Rationale
In my last project, I did quite a bit of work to customize Solr to serve results through it using our federated semantic (concept-based) search algorithms. In hindsight, I find that some of the work (especially around faceting) may not have been required, since Solr already provides ways to customize these behaviors using URL parameters (ie, no coding required). So I decided to see if I could implement some of the current behavior using Solr's built-in functionality, in a somewhat belated attempt to fill a gap in my knowledge.
I am also trying to find ways to move to a distributed Solr search setup. The problem is that there does not seem to be an awful lot of documentation on how to write Distributed Solr Components. However, as the Solr DistributedSearch wiki page indicates, most (or all) the built-in components support distributed search, so it makes sense to piggyback as much as possible on these.
Faceting
The faceting requirements for this application are as follows. There are three facet groups, for content source, category and review date.
The content source facets should be shown in descending order of counts, while the category facets should be displayed alphabetically by category name. But both of these are driven off indexed, non-tokenized fields, so all we need to do is specify the following parameters for these:
facet=true | Enables faceting |
facet.field=u_idx | Facet by content source, order by count (default) |
facet.field=u_category | Facet by category |
f.u_category.facet.sort=index | Order category facets alphabetically |
The review date facet is slightly more complicated. This requires us to define variable sized facets of 0-6 months old, 6 months to 1 year old, 1 to 2 years old, 2 to 5 years old and older than 5 years. Although Solr provides date faceting via facet.date, that is for fixed sized date intervals only, so we have to use the more powerful facet.query mechanism, and define queries for each facet in this group using Solr's date arithmetic. Here are the review date facet parameters.
facet.query=u_reviewdate:[NOW-6MONTH TO NOW] | All records with reviewdate within last 6 months |
facet.query=u_reviewdate:[NOW-1YEAR TO NOW-6MONTHS] | All records with review date between 6 months to a year |
facet.query=u_reviewdate:[NOW-2YEAR TO NOW-1YEAR] | All records with review date between 1 and 2 years |
facet.query=u_reviewdate:[NOW-5YEAR TO NOW-2YEAR] | All records with review date between 2 and 5 years |
facet.query=u_reviewdate:[NOW-100YEAR TO NOW-5YEAR] | All records with review dates older than 5 years (to 100 years) |
In addition, facets in each group are multi-select, and the facet filters should be OR'ed within each facet group, and AND'ed across facet groups.
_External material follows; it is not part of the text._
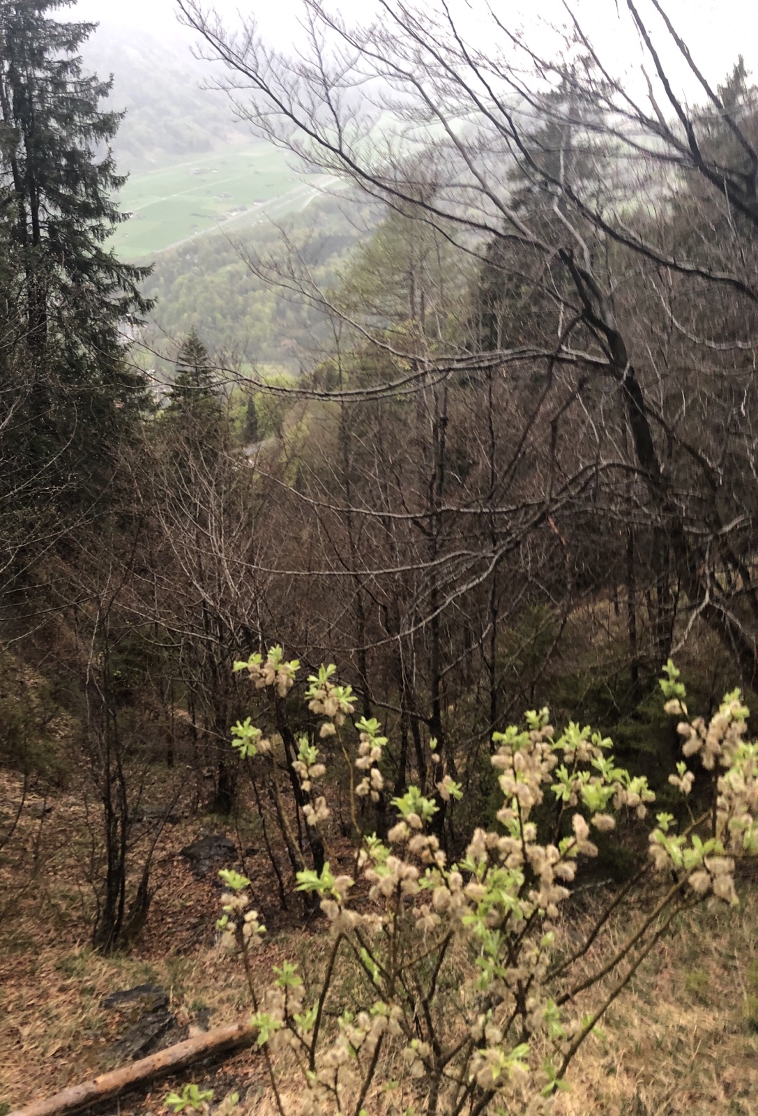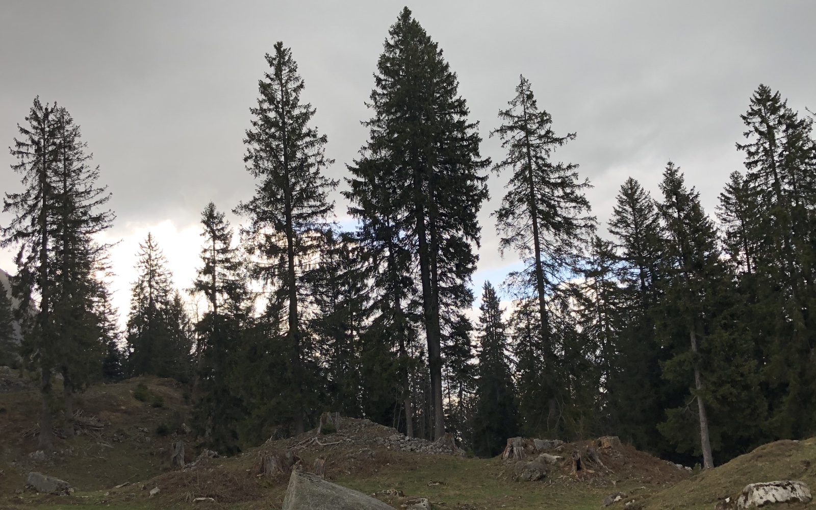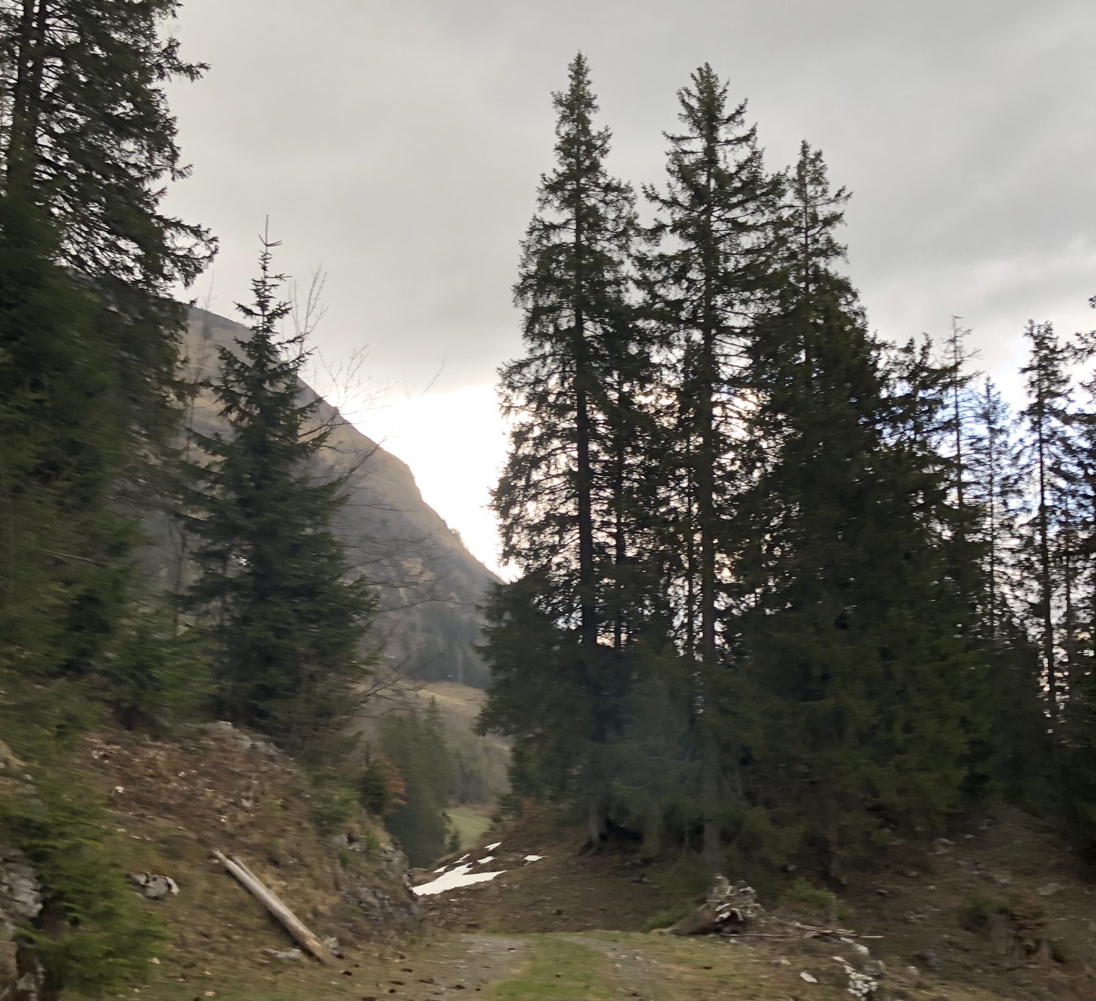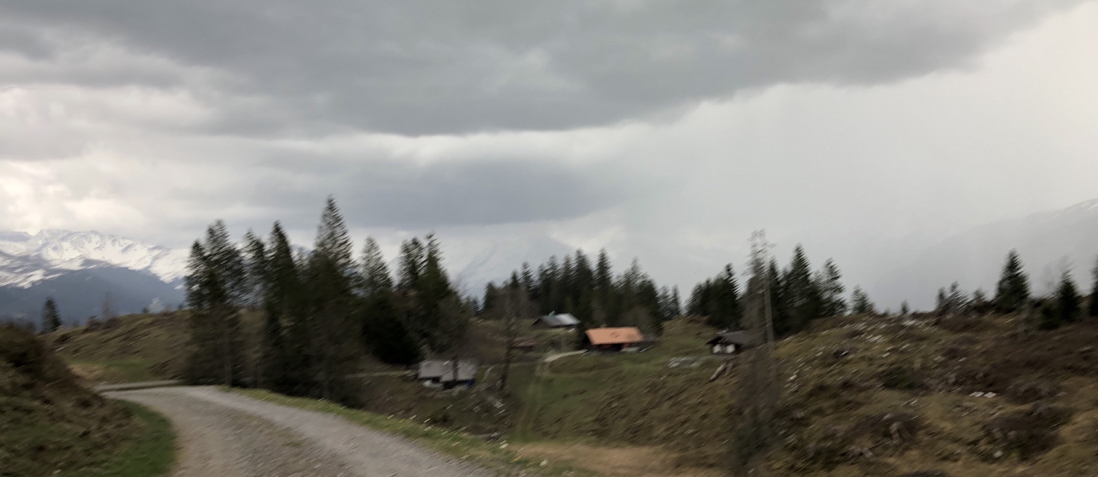 Auf 1300 m über Meer, bei der Biegung der Strasse Richtung Norden und zum Antennenwald am Totzweg, ist die Strasse mehrheitlich nass und es riecht nach Staub.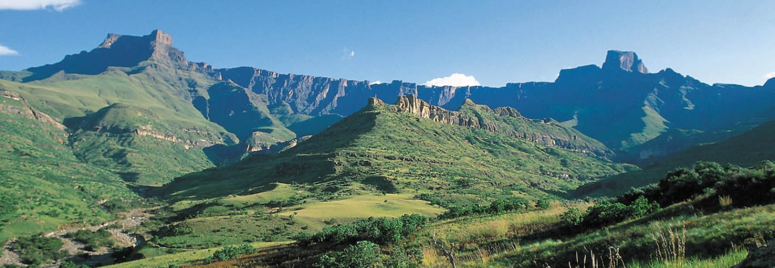 Der 2.428 Quadratkilometer große uKhahlamba Drakensberg Park grenzt östlich an das Königreich Lesotho. uKhahlamba kommt aus der Sprache der Zulu und heißt übersetzt "Wand der aufgestellten Speere". Aufgrund der vielen Gipfel, aufragenden Pfeiler und Zinnen sowie tiefe Schluchten und Überhängen kam der Park zu seinem Namen. Die Gipfel der Drakensberge ragen bis auf 3.482 m auf und bilden das höchste Gebirge im südlichen Afrika.

By default, Solr's fq parameters are applied in an AND fashion, so our client should group the facets appropriately to ensure this behavior. We do this by setting the currently selected facet into an "nfq" parameter, then regrouping the fq parameters at each request using logic as shown below:
1 2 3 4 5 6 7 8 9 10 11 12 13 14 15 16 17 18 19 20 21 22 23 24 25 26 27 28 29 30 31 | def _groupFacets(self, fq, nfq):
if not isinstance(fq, list):
fqs = []
fqs.append(fq)
else:
fqs = fq
fqmap = {}
map(lambda x: fqmap.update({x: set()}), \
["u_idx", "u_category", "u_reviewdate"])
for fqe in fqs:
# remove local parameters from previous call
fqe = re.sub("^\\{.*:?[^}]\\}", "", fqe)
fqee = fqe.split(" OR ")
if len(fqee) > 0:
k = fqee[0].split(":")[0]
try:
fqvs = map(lambda x: x.split(":")[1], fqee)
fqmap[k].update(fqvs)
except KeyError:
pass
# now add in the facet to the fqmap
if len(nfq) > 0:
(nfqk, nfqv) = nfq.split(":")
fqmap[nfqk].add(nfqv)
# now reconstruct the fq field
newfqs = []
for k in fqmap.keys():
nv = map(lambda x: k + ":" + x, fqmap[k])
if len(nv) > 0:
newfqs.append("{!tag=" + k + "}" + " OR ".join(nv))
return newfqs
|
We start off with an empty fq parameter. As each facet is selected, the nfq parameter is set, which is then regrouped into three fq parameters, one each for u_idx, u_category and u_reviewdate. So assuming the following sequence of selections: u_idx:adam, u_category:Disease, u_category:Birth Control, u_reviewdate:Less than 6 Months, the parameters look like:
1 2 3 | fq={!tag=u_idx}u_idx:adam
&fq={!tag=u_category}u_category:Birth+Control OR u_category:Disease
&fq={!tag=u_reviewdate}u_reviewdate:[NOW-6MONTH TO NOW]
|
The local parameter tag names each filter, so we can exclude the latest filter from being counted against the current results. The last filter (in our case the u_reviewdate) should be excluded, so all the facet.query parameters would have the {!ex=u_reviewdate} local parameter set. If one of the other facet groups were the last selection, the appropriate facet.field would have the {!ex=...} local parameter set.
Highlighting
Being able to implement highlighting out of the box is not quite as important to my objective of distributed search as faceting, since my needs are a bit too custom to do out of the box, and in any case, this is on the slice of records for the current page, so not such a huge deal performance wise. But I wanted to know how to do it, and to build dynamic snippets for my results, so I did this as well.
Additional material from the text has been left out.